Würde es sich um einen für die Kirche arbeitenden Schmied handeln, müsste das Grundwort -eis(en) die Bedeutung ‘Schmied’ haben. Das wäre aber ein Trugschluss. Andere Namen auf -eisen wie Haueis(en), Brech(eisen), Brauneis(en) usw. usf. benennen einen Schmied nur indirekt, metaphorisch, d. h. mittels seiner Tätigkeit (Satzname) oder seines eisernen Werkzeugs oder Produktes, weshalb man in solchen Fällen von einem mittelbaren Berufsnamen oder einem Berufsübernamen (eine Art Spitznamen) spricht.
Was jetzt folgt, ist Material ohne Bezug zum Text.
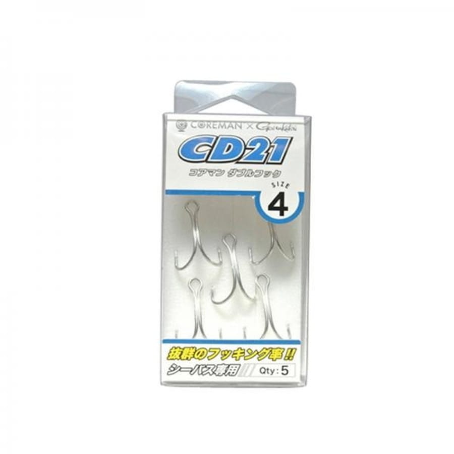 刺さりの良さと輝きの持続を実感できる!コアマン×がまかつのスペシャルフック! ●信頼のがまかつ製フック「ダブル21」に特別表面メッキ処理(金属及び鉛製ルアーに装着の際、電蝕により変色がない錫メッキ)を施して、刺さりの良さと輝きの持続を実感できる、コアマンスペシャルフック。 ●ダブル21のフックの開き角度は80度ですが、これはターゲットの口の中にに入りやすい形状なので、ミスバイトが少ないのが特徴です。 ●またフックポイントが近いので、ひとたびフッキングが決まれば2本共に刺さることが多く、バラシが少ないのも大きなメリットです。 ●グローバルスタンダード的な普遍のデザイン。ワンランク上のワイヤーを採用しており強度的にも申し分ありません。
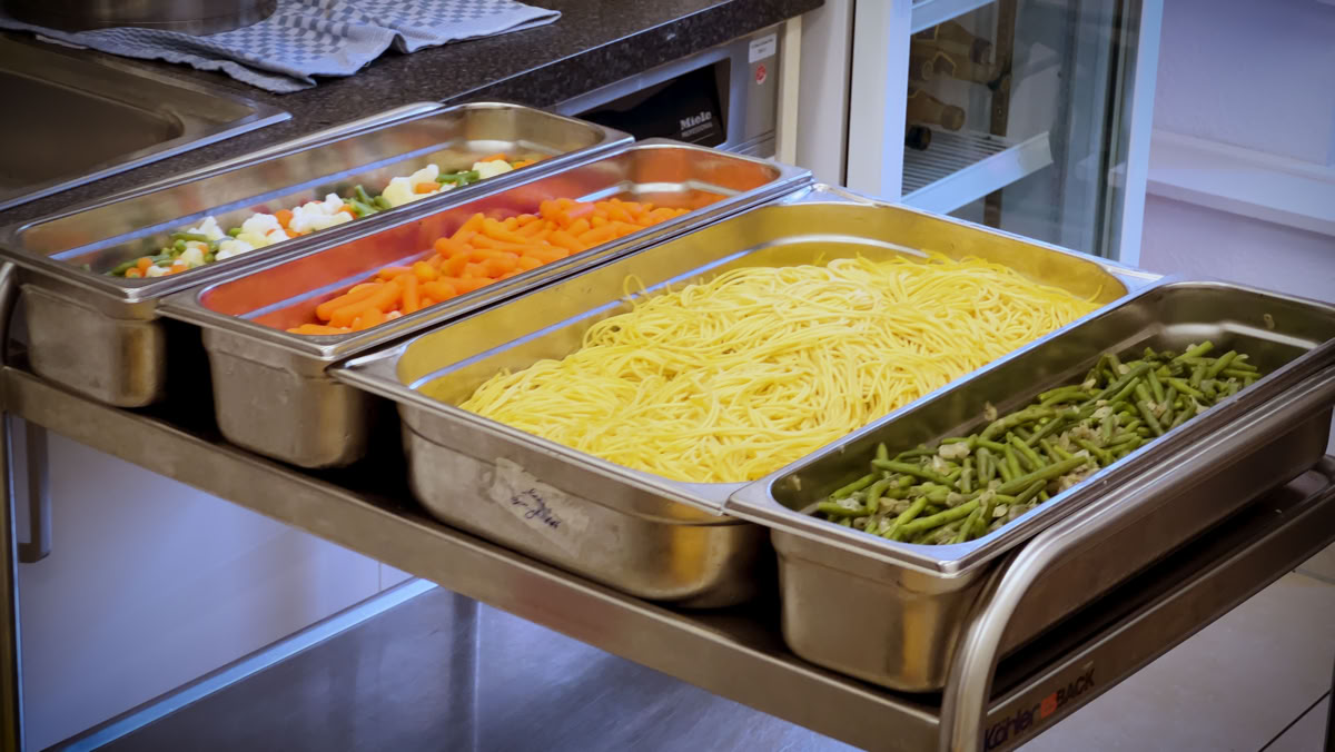 Auch in den Großküchen von Gastronomiebetrieben müssen täglich Unmengen an Mahlzeiten wegen, teils unvermeidbarer Überproduktion, entsorgt werden.

Demzufolge bedeutet -eis(en) eben ‘Eisen’ und Kircheisen muss irgendein Eisen(erzeugnis) sein. Das Bedeutungsproblem verlagert sich damit auf das Erstglied (Bestimmungwort) Kirch-.

Die ältesten Namenbelege führen ins Erzgebirge. Hier haben, wie alte Bergwörterbücher und auch das Deutsche Wörterbuch der Gebr. Grimm unter Kirchel ausweisen, in alten Zeiten die Bergleute die kleinen, kirchturmförmigen Kristalle Kirchel genannt. Man vergleiche Abbildungen von Bergkristall oder Rauchtopas (Bilder im Internet). Demzufolge können entsprechend geschmiedete Eisen(stäbe, stangen, werkzeuge) Kircheisen bzw. Kirch[turm]eisen genannt worden sein, mit Wegfall des Mittelgliedes in einer sog. Klammerform (vgl. Ölzweig statt Ölbaumzweig). Man kommt in der Erklärung des Namens zwar wieder auf einen Schmied, wohl einen sog. Bergschmied, zurück, aber nicht auf einen Schmied der Kirche o. ä. Auch Berufsübername eines mit solchem Kircheisen arbeitenden Bergmannes wäre denkbar. Namen führen uns eben oft auf verdunkelte, heute nicht mehr allbekannte Sachverhalte zurück. Ich hoffe, die Legende vom Schmied, der für die Kirche gearbeitet hat, ist damit erledigt.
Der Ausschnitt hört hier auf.